---
title: "STAT 331 Week 4 Day 1 Handout"
format: html
embed-resources: true
---

```{r}
#| label: setup
#| message: false
#| echo: false

library(tidyverse)
library(liver)
```

## Data

::: callout-warning
For this handout, you need to download `imdb_data.Rdata` from the Week 4 Schedule Canvas page and save them on your computer.
:::

We will use 7 datasets that describe movies from [IMDb](https://www.imdb.com/). 

```{r}
#| echo: false
#| eval: true
#| fig-cap: "Relationship between data sets in IMDb movie data."
#| out-width: 90%
knitr::include_graphics("https://github.com/manncz/stat-331-s25/blob/main/slides/week-4/images/imdb_relational.png?raw=true")
```

Save the `imdb_data.Rdata` file to a reasonable directory, and change the file path below as needed to read it in.

```{r}
load(file = "data/imdb_data.Rdata")
```

## Mutating Joins

### `inner_join()`

```{r}
inner_join(directors_genres, 
           movies_directors, 
           by = "director_id")
```

a. When using one variable name for a join, does the variable name need to be in quotation marks (as a string)?


b. How does the number of observations in the result above compare to the `directors_genres` data and `movies_directors` data? Why does this make sense?



```{r}
inner_join(directors_genres, 
           directors, 
           by = join_by(director_id == id))
```

c. Why did we use `join_by()` in the join above? Note that the variable names do not need to be in quotation marks when using `join_by()`!

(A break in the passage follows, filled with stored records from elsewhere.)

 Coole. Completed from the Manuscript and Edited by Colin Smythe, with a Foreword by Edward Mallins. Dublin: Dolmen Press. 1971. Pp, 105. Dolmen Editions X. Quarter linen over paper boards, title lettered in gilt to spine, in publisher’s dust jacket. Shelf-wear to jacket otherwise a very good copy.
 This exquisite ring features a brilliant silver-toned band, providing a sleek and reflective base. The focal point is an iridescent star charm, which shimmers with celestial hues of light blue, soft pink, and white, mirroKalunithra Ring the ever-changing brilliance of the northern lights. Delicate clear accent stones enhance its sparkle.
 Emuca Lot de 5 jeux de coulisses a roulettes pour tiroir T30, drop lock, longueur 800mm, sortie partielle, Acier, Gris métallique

d. How does the number of observations in the result above compare to the `directors_genres` data and `directors` data? Why does this make sense?

### `left_join()`

```{r}
directors_genres |> 
  left_join(directors, 
            by = join_by(director_id == id))
```

e. Which directors will remain after the above join?


### `right_join()`

```{r}
directors_genres |> 
  right_join(directors, 
            by = join_by(director_id == id))
```

f. Which directors will remain after the above join?

### `full_join()`

```{r}
directors_genres |> 
  full_join(directors, 
            by = join_by(director_id == id))
```

f. Which directors will remain after the above join?


### Comparing joins

e. Why / when would you use each kind of join?

  - `inner_join()`
  - `left_join()`
  - `right_join()`
  - `full_join()`
  
f. What might be the cause of `NA` values when joining two datasets together?

## Filtering Joins

a. How are filtering joins different from mutating joins?

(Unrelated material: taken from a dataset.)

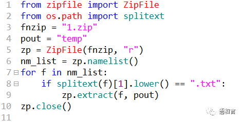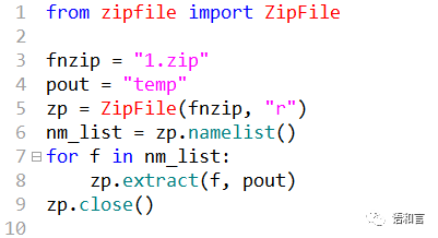 这段代码是把当前目录下的zip文件 1.zip 中的全部内容解压到当前目录。如果是解压到指定目录,我们可以用如下代码: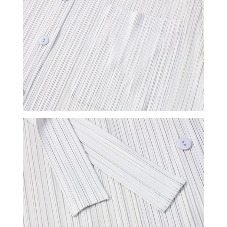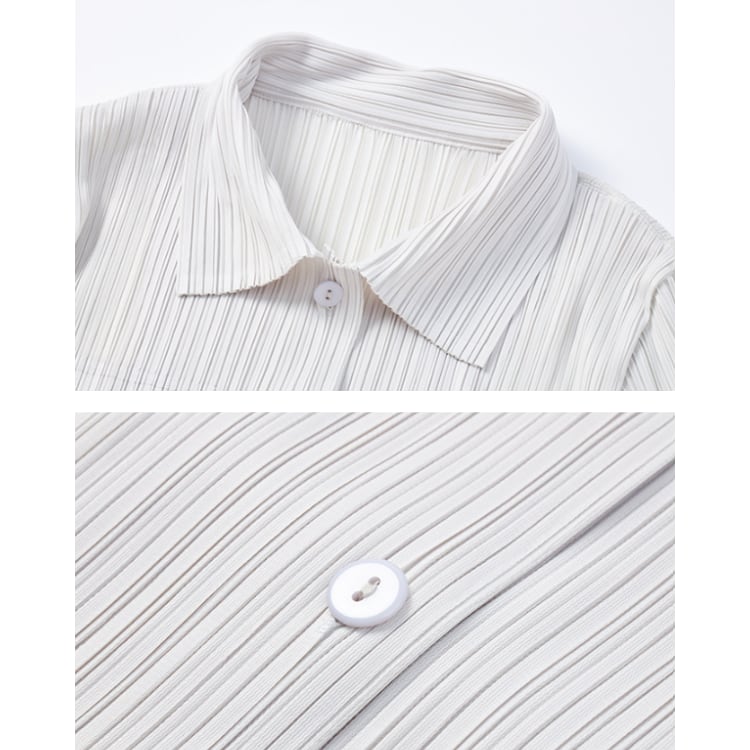 縦方向に入った細かなプリーツ加工が全体にリズムを与え、視覚的な縦長効果を生み出すシャツワンピース。表面に凹凸のあるテクスチャーが単調さを抑え、シンプルな構成の中に表情を加えています。

b. What is the equivalent to the below join, using the `filter()` verb instead?

```{r}
#| eval: false

actors |> 
  semi_join(roles,
            by = join_by(id == actor_id))
```


## Tidy Data

```{r}
data(cereal)
```

a. The `cereal` data is considered to be "wide" because...

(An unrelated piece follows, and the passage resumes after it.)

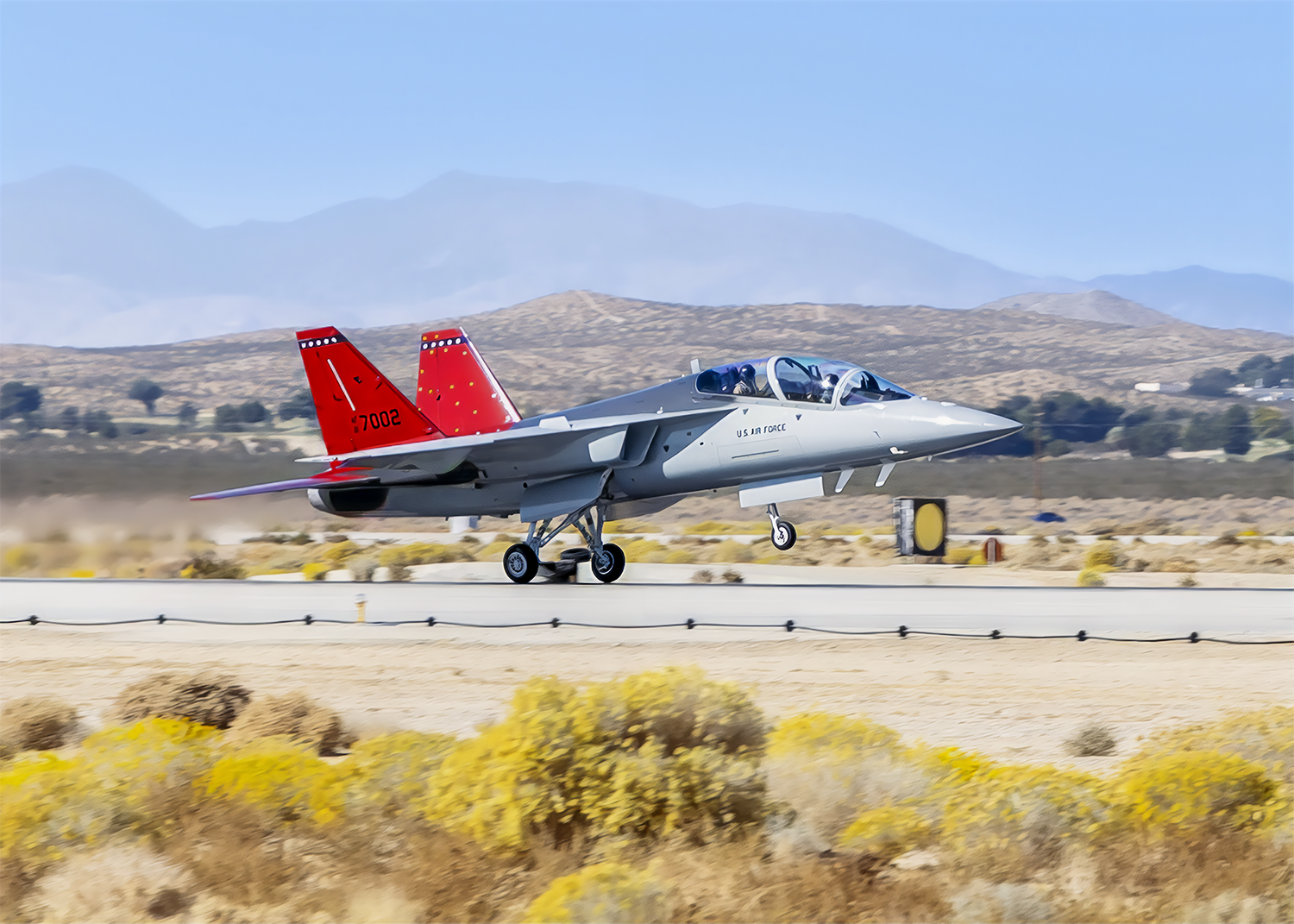 The first T-7A Red Hawk arrives at Edwards Air Force Base, Calif., Nov. 8, 2025. The aircraft’s test campaign is being executed by the T-7A Integrated Test Force, part of the Airpower Foundations Combined Test Force in association with the 416th Flight Test Squadron. The Integrated Test Force is a partnership between the U.S. Air Force and T-7A manufacturer, The Boeing Company. (U.S. Air Force photo by Todd Schannuth)

b. How would we plot the mean cereal nutrients by shelf (as shown on the slides) with original cereal data?

```{r}


```


## Pivot

### `pivot_longer()`

a. What do you input in the `names_to` argument?


b. What do you input in the `values_to` argument?


a. Pivot the cereal data into long format in terms of the nutrient information. 

```{r}

```

### `pivot_wider()`

```{r}
mean_protein <- cereal |> 
  group_by(manuf, shelf) |> 
  summarize(mean_protein = mean(protein))
```

```{r}
mean_protein |> 
  arrange(shelf) |> 
  pivot_wider(id_cols = manuf,
              names_from = shelf,
              values_from = mean_protein)
```

a. Why are the names of the columns in the output above `1`, `2`, and `3`?

b. Why are there missing values in some of the columns?


c. How can we make the column names nicer? Specifically, I would like to make the column names something like "shelf_1".